Andrew Tilton, Goldman Sachs senior economist, said in an 18-page report that the Philippines would need $110 billion in outlay to meet rising demand. Infrastructure investments, as a percent of gross domestic product, may rise from the current 2 percent to between 4 percent and 5 percent by 2020.
“(The Philippines) has the lowest per capita income [compared with Thailand, Malaysia and Indonesia], and ranks the weakest in infrastructure quality,” Tilton said.
The report cites a World Economic Forum (WEF) ranking that shows that the Philippines has the worst quality of infrastructure among the four countries.
The WEF places the Philippines at 3.2 in a range of one to seven—seven being the best score. Malaysia gets 5.1; Thailand, 4.6; and Indonesia, 3.8.
Goldman Sachs expects the per capita GDP of the Asian countries to nearly double between 2010 and 2020, thereby increasing demand for power, roads, airports and water, among others.
Throughout the region, infrastructure needs during the period may reach $550 billion, Goldman Sachs reported in a May 30 research titled, “Asean’s half a trillion dollar infrastructure opportunity.”
“The low base, and increases in per capita income and urbanization could drive demand across the board for a projected $110 billion,” Tilton said about the Philippines, adding that the figure is higher than government estimates.
Power projects account for the biggest share of the total amount at $46 billion. Road projects account for $24 billion; railways, $23 billion; sea ports, $8 billion; water and sanitation, $6 billion; and airports, $2 billion.
Tilton’s calculation covered the period 2013-2020, which he then compared with the Philippine Development Plan for 2011-2016.
Tilton also said that if the government were to meet the required outlay, infrastructure spending could become the key driver of overall investments in the country.
“Assuming that non-infrastructure investments grow at a constant rate, our projections suggest that infrastructure can contribute as much as 20 percent of the total investment rate in the Philippines [through] 2020,” he explained.
Considering the country’s funding needs and fiscal balances, financing of infrastructure may not be a big problem since the government is the key source of funds, Tilton said.
“Additional fiscal burden will be largely manageable,” he said, pointing to Goldman Sachs projections that the government is expected to provide 90 percent of infrastructure spending during the period.

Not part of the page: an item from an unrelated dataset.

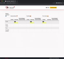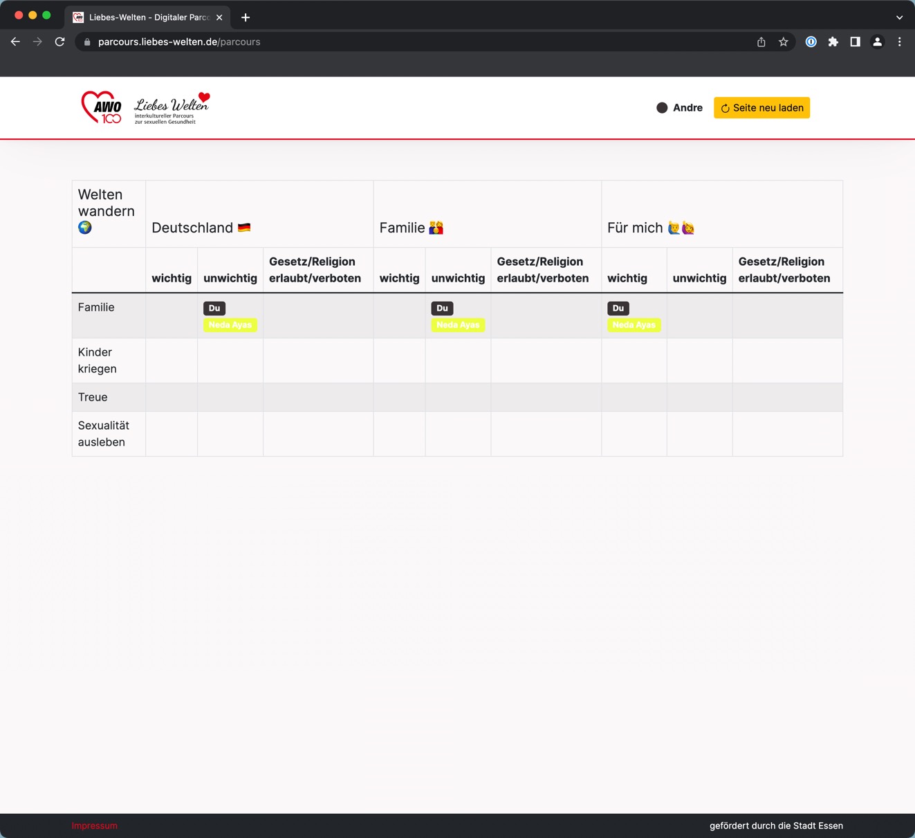 Wenn du eine Person aktiviert hast und die jeweilige Zeile "aktiviert" hast, kann die Person nun ihre persönliche Meinung zu den jeweiligen Kategorien angeben. Dies ist möglich, indem der/die Teilnehmende*r auf das "+" klickt, unter entweder "wichtig", "unwichtig" oder "Gesetz/Religion erlaubt/verboten".

“In the Philippines, the President currently enjoys approval ratings of over 70 percent and the strong showing in the recent mid-term elections [where administration candidates swept the posts] bolsters his mandate to further implement national plans, including the national development program, where infrastructure rollout is a key focus,” Tilton said.
The economist said the current environment is particularly conducive for infrastructure investments because liquidity is abundant, the cost of funding is lower, global commodity prices have been more benign, and the government debt ratio is lower.
Among neighboring countries, Indonesia is seen to have the largest absolute demand for infrastructure, at $235 billion between 2013 and 2020.
Thailand is also seen to increase infrastructure spending as a percent of GDP, due to its more open economy and need to boost manufacturing, with requirements estimated at $105 billion.
And because Malaysia has the highest-quality infrastructure in the region, its infrastructure needs will be lower than its neighbors, at $100 billion, Goldman Sachs said.